34.24k stars 3.47k forks source link

Running Encoder and Decoder model separately #1801

Open rojinbakhti opened 7 months ago

rojinbakhti commented 7 months ago

Hi, Can I use the API's to convert and run my whisper encoder and decoder models separately? If yes, how do I do this?

bobqianic commented 7 months ago

Yes, that's possible. However, you can't run the encoder with a small model and then switch to using a large model for the decoder. This is because the dimensions of the cross-attention tensors won't be compatible between the two different model sizes.

https://github.com/ggerganov/whisper.cpp/blob/1cf679dec4eca99aeaed4fe09a8092803bdecfc1/whisper.h#L259-L293

rojinbakhti commented 7 months ago

Thanks for the reply, If I have my encoder output (encoder hidden states) values in a float array, let's say from running the encoder part using tensorflow api's, is there a way to feed it into the whisper_decode? (ie calling whisper_decode wihout calling whisper_encode first, assuming I have the encoder output + tokens I want to feed the decoder beforehand).

rojinbakhti commented 7 months ago

@bobqianic Hi, have you had a chance to look at this question? Thanks.

rojinbakhti commented 7 months ago

@ggerganov

bobqianic commented 7 months ago

@bobqianic Hi, have you had a chance to look at this question? Thanks.

You'll need to manually modify wstate.kv_cross.

Essentially, this portion of the encoder's code is designed to directly copy the intermediate tensors Kcross and Vcross into wstate.kv_cross.k and wstate.kv_cross.v. Otherwise, the intermediate tensor would be overwritten during subsequent executions.

https://github.com/ggerganov/whisper.cpp/blob/7a74e929c842489010f641156f2a5ac733b17016/whisper.cpp#L2099-L2108

In this section of the decoder's code, wstate.kv_cross.k and wstate.kv_cross.v are used.

https://github.com/ggerganov/whisper.cpp/blob/7a74e929c842489010f641156f2a5ac733b17016/whisper.cpp#L2411-L2434

bobqianic commented 7 months ago

whisper_init_from_file_with_params() -> whisper_init_state() -> modify state -> whisper_decode_with_state()
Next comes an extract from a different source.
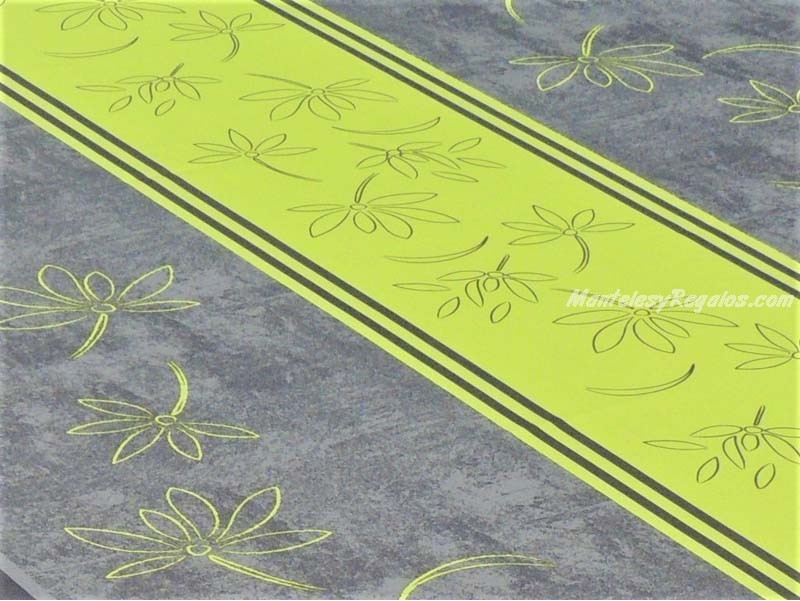 Bonito Mantel de mesa modelo Lotus en colores verde, gris y negro.

ggerganov commented 7 months ago

@rojinbakhti As @bobqianic correctly explained, it's not possible because the cross-attention KV cache will not be populated if you feed the encoder output directly to the whisper_decode(). One option to make this possible is to expose a whisper_cross() API that precomputes cross-attention cache. It shouldn't be a difficult change, but I'm not sure if I'll be able to take a look soon. Hopefully someone from the community can give it a try

Otherwise, the intermediate tensor would be overwritten during subsequent executions.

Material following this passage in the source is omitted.